Final answer:
To calculate the probability of selecting a ball of a certain color from the box, divide the number of balls of that color by the total number of balls and reduce the fraction. Examples include P(White) = 2/5 and P(Not Blue) = 11/15.
Step-by-step explanation:
The subject question is regarding the concept of probability.
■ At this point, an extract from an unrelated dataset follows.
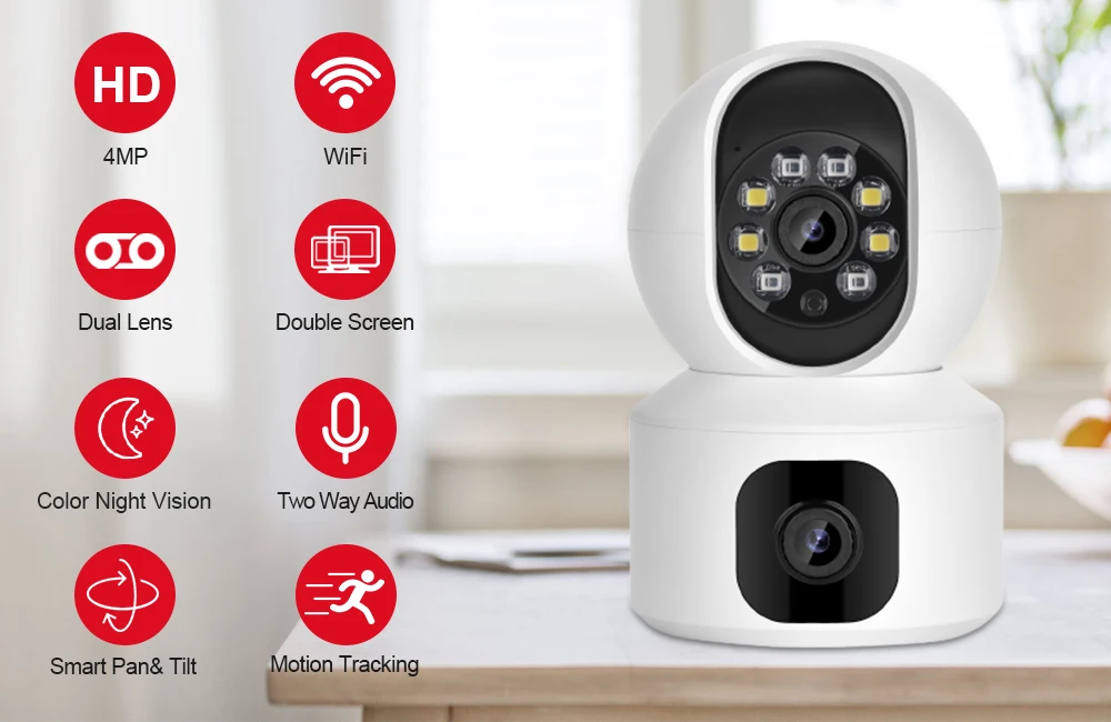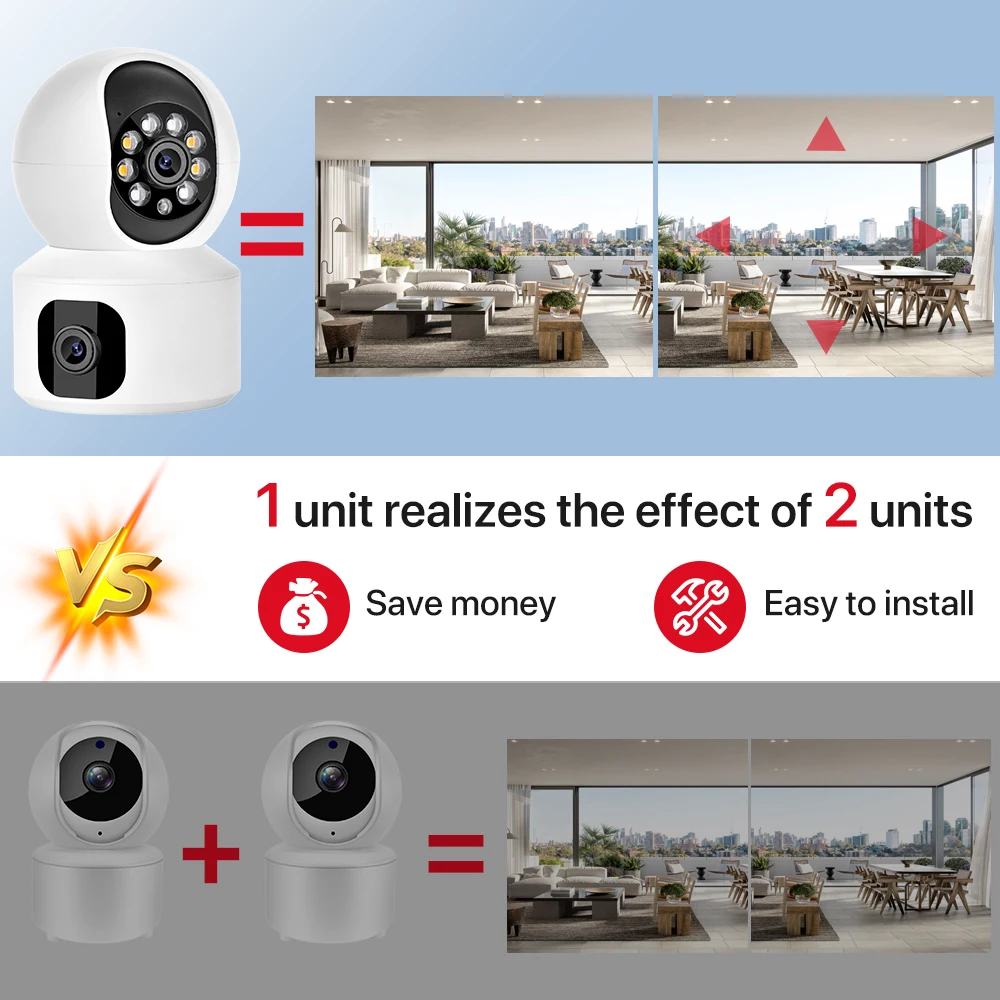 Một ống kính cố định & một ống kính điều chỉnh PTZ. Bạn có thể trượt ngón tay của bạn trên màn hình để làm cho máy ảnh xoay lên/xuống/trái/phải, theo dõi bất cứ nơi nào bạn muốn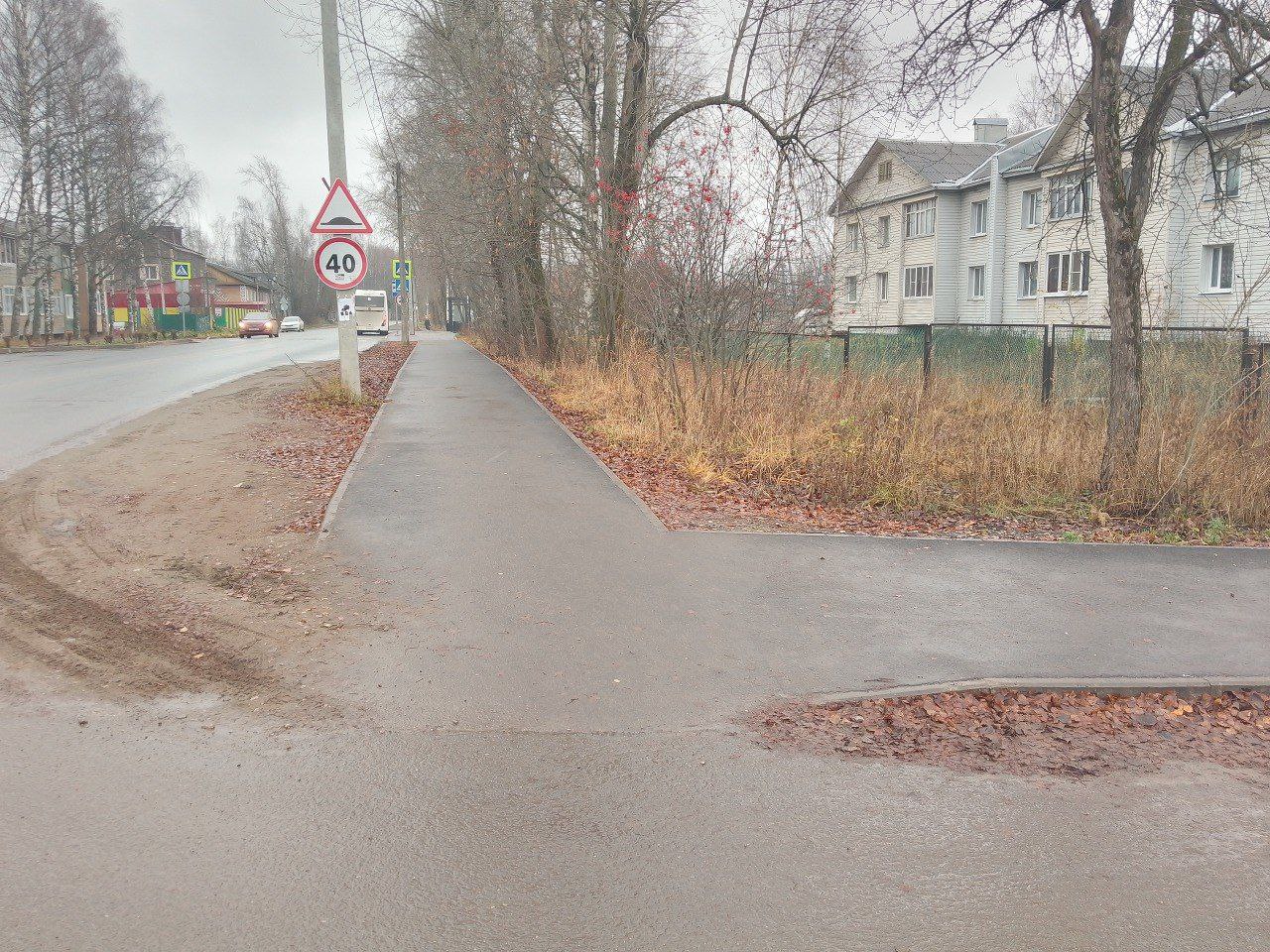 Начну с поселка Краснозатонский. Здесь отремонтировали тротуар вдоль улицы Корабельной от Ухтинской до памятника участникам Великой Отечественной войны. Теперь там лежит новый тротуар шириной 2,2 метра с нормальным покрытием и бордюром. Это значит, что мамам с колясками удобнее ходить, что пожилые люди уверенней передвигаются, что зимой спецтехника сможет нормально почистить это место от снега. Такой тротуар — это безопасность. Это комфорт. Это забота о маломобильных жителях и о пешеходах вообще.

Given a box that contains 10 Red Balls, 30 White Balls, 20 Blue Balls, and 15 Orange Balls, we need to find the probability of different events.
- a) A white ball: The probability is the number of white balls divided by the total number of balls, so P(White) = 30/(10+30+20+15) = 30/75 = 2/5.
- b) Not blue: This means the probability of selecting any color except blue, so P(Not Blue) = (10+30+15)/(10+30+20+15) = 55/75 = 11/15.
- c) Orange or red: This means the probability of selecting either an orange or a red ball, so P(Orange or Red) = (15+10)/(10+30+20+15) = 25/75 = 1/3.
- d) Red, white, or blue: This means the probability of selecting a red, white, or blue ball, so P(Red, White, or Blue) = (10+30+20)/(10+30+20+15) = 60/75 = 4/5.
- e) Neither red nor blue: This means the probability of not selecting a red or blue ball, which includes only white and orange balls, so P(Neither Red nor Blue) = (30+15)/(10+30+20+15) = 45/75 = 3/5.